WHICH, like everything else, brings us ineluctably back to climate change.
We’d decided early on to raise the baby in our beliefs. Later, if Hunter chose to abandon the science as an informed adult, we’d respect that mistake. We might not love him or her quite as much—can anything really restore the filial bond after that kind of rupture?—but it’s not as though we’d disinherit our own child just for being a climate denier, unless we had other children by then.
All well and good. But how do you teach a pre-verbal homunculus everything they need to know about the most complex, multidisciplinary science in human history—a field so ambitious in scope it’s known simply as ‘the’ science? I know how I’d do it, obviously, but how is the average parent, without even a fraction of my education, supposed to pull it off? (Tell us your struggles in comments below.)
You’re probably thinking resources. There must be resources of some kind, right? Well, if your postcode is anything like mine, the newly-endowed Keating Wing of the local library is dedicated exclusively to climate-change fiction for all ages.

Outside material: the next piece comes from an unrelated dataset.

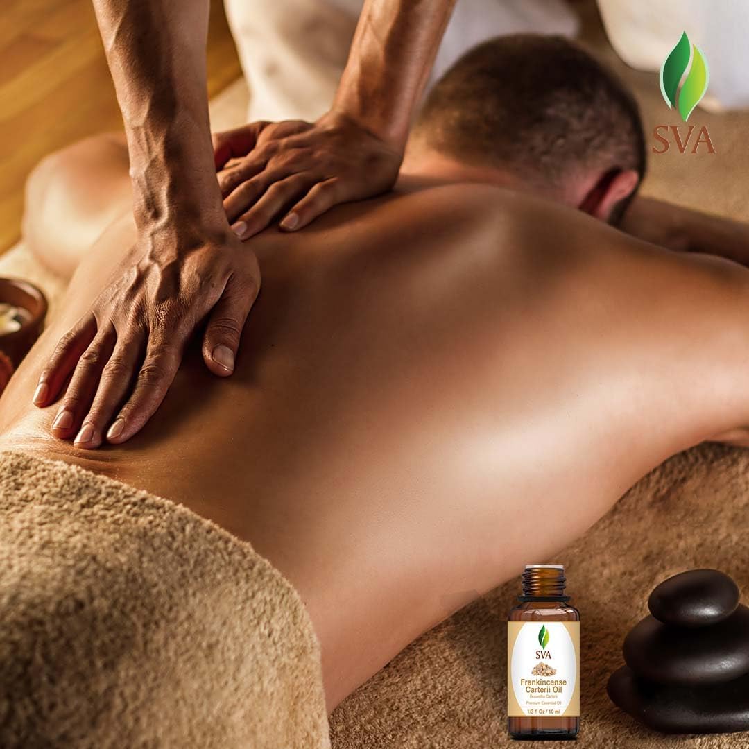 - Skin Nourishment: SVA Frankincense Boswellia Carterii Essential Oil is suitable for massage. It should always be diluted with suitable carrier oil before use since it is highly concentrated. There are many ways to use frankincense essential oil for skin. Add a few drops of the oil to your creams, lotions, or bath products to enjoy the goodness of frankincense oil for your skin

But what good is the most engaging bedtime story ever written if Mum and Dad are mid-doctoral quitters who don’t even know how to pronounce some of the words?
It’s hard. Hard as this Great Southern Land I love so much. I mean this sincerely: I admire you people more than I let on. You’re the backbone.
In any case, I must have been working pretty hard on the problem of neonatal climate pedagogy (subconsciously, I mean) as I leafed through the Age classifieds one fateful Tuesday. Only priming theory can explain the way my peripheral vision seized on its quarry in one effortless, inerrant saccade: a tiny call for Expressions Of Interest, placed in error, in 11pt Tahoma, in the sex-work section. Yet there it was: the anxiolytic to all our money Angst! A cool hundred grand, tax-free, for the taking.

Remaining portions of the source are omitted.